*Exercise directions*
Transcribe each line of the material as it is, and drop any picture.
***** Material provided *****
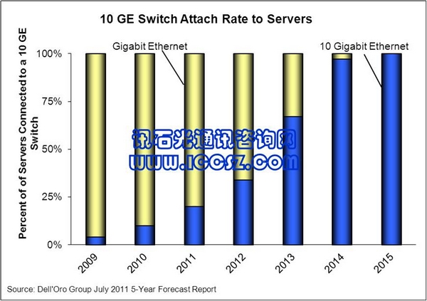 服務(wù)器、SFP直連和10G Base-T等連接方式。我們還預(yù)計,到2014年,中小型企業(yè)將升級到萬兆
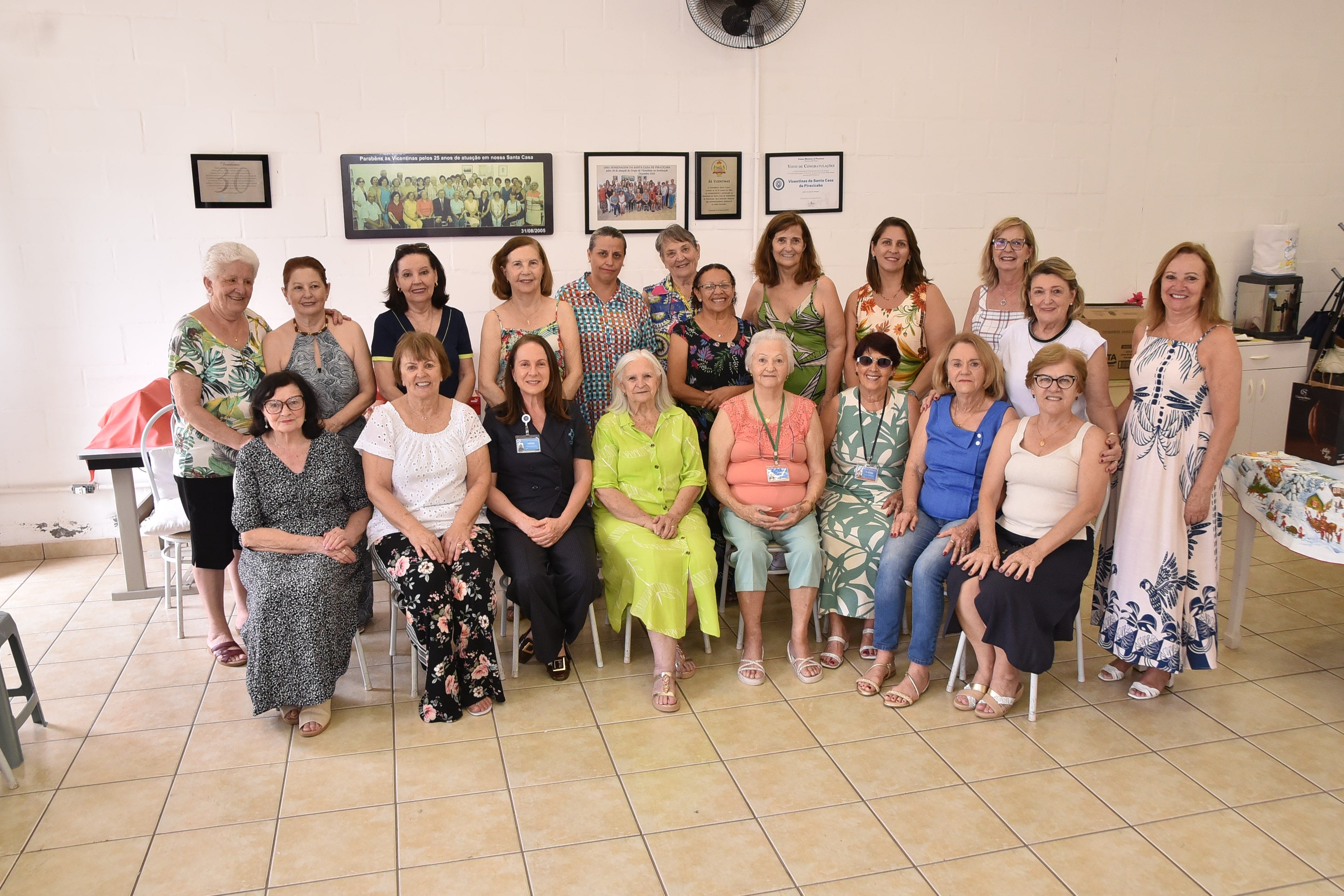 A Santa Casa de Piracicaba realizou nesta quarta-feira, 3 de dezembro, uma cerimônia para homenagear as Vicentinas que atuam na Maternidade do hospital. O grupo completa 45 anos de atividade, período em que confecciona e doa enxovais completos para bebês cujas famílias em vulnerabilidade não têm condições de adquirir roupas. O grupo também confecciona almofadas em formato de estrela, solicitadas pela equipe de enfermagem para acolher mães que perderam bebês natimortos, e bolsas para drenos destinadas a pacientes ostomizados.
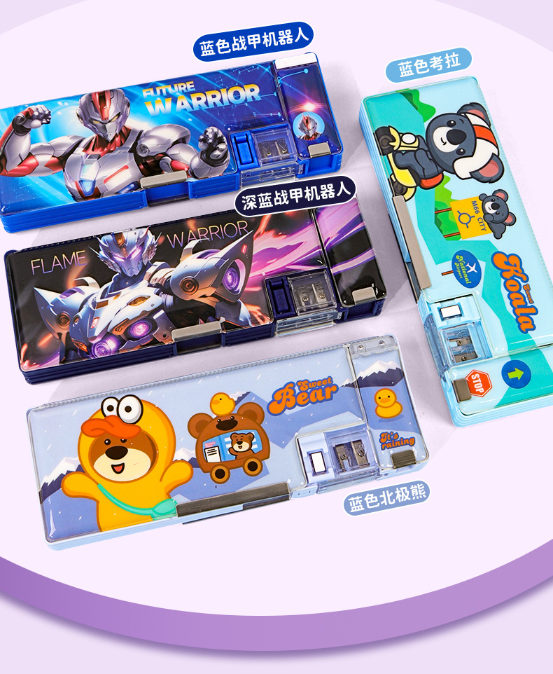 2025 다기능 편지지 상자 더블 레이어 간단한 소년과 소녀 초등 학생 만화 연필 상자 플라스틱 펜 상자 도매
*****
*Solution to the exercise*
 服務(wù)器、SFP直連和10G Base-T等連接方式。我們還預(yù)計,到2014年,中小型企業(yè)將升級到萬兆
 A Santa Casa de Piracicaba realizou nesta quarta-feira, 3 de dezembro, uma cerimônia para homenagear as Vicentinas que atuam na Maternidade do hospital. O grupo completa 45 anos de atividade, período em que confecciona e doa enxovais completos para bebês cujas famílias em vulnerabilidade não têm condições de adquirir roupas. O grupo também confecciona almofadas em formato de estrela, solicitadas pela equipe de enfermagem para acolher mães que perderam bebês natimortos, e bolsas para drenos destinadas a pacientes ostomizados.
 2025 다기능 편지지 상자 더블 레이어 간단한 소년과 소녀 초등 학생 만화 연필 상자 플라스틱 펜 상자 도매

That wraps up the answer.